> Exercise instructions
Your output should be exactly the lines from the one containing "Duagh; County of" through the final line of the following data, please, with no pictures.
*** Opening of Data block ***
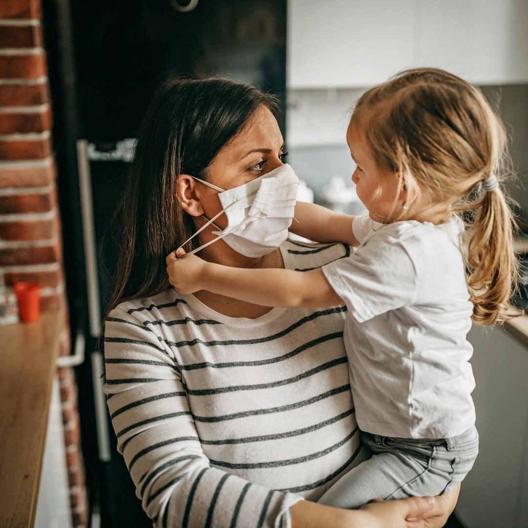 First, offer your child a simple explanation for why people wear masks. For example, “A mask is something people wear that covers their nose and mouth. Wearing a mask helps keep people from getting sick.” Let your child touch and hold your mask before you put it on. Children learn through play, so include masks in silly “peek-a-boo” games or in pretend play. Make little paper masks for your child’s stuffed animals or dolls. Allow your child to pick out or decorate their own masks and let them practice putting them on and taking them off all by themselves.
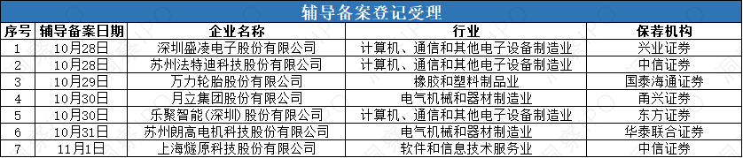 10月28日-11月3日,有7家公司境内(沪深两市)发行上市辅导备案登记获受理。
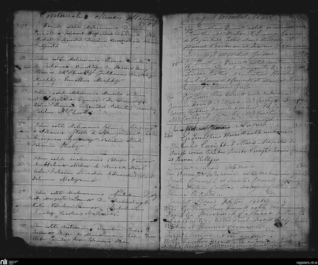 Duagh; County of Kerry; Diocese of Kerry. Marriages, Mar. 1848 to Nov. 1848
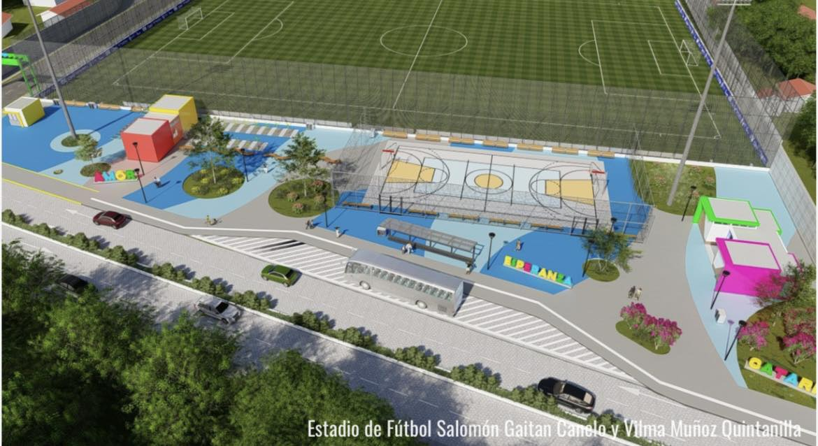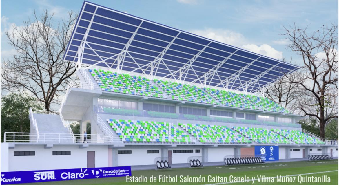 La construcción ya inició, y finalizará en el segundo semestre de 2027, tendrá cancha de grama natural, iluminación moderna, pantalla gigante y áreas de servicios, entre otros.
*** Close of Data block ***
> Response area
 Duagh; County of Kerry; Diocese of Kerry. Marriages, Mar. 1848 to Nov. 1848
 La construcción ya inició, y finalizará en el segundo semestre de 2027, tendrá cancha de grama natural, iluminación moderna, pantalla gigante y áreas de servicios, entre otros.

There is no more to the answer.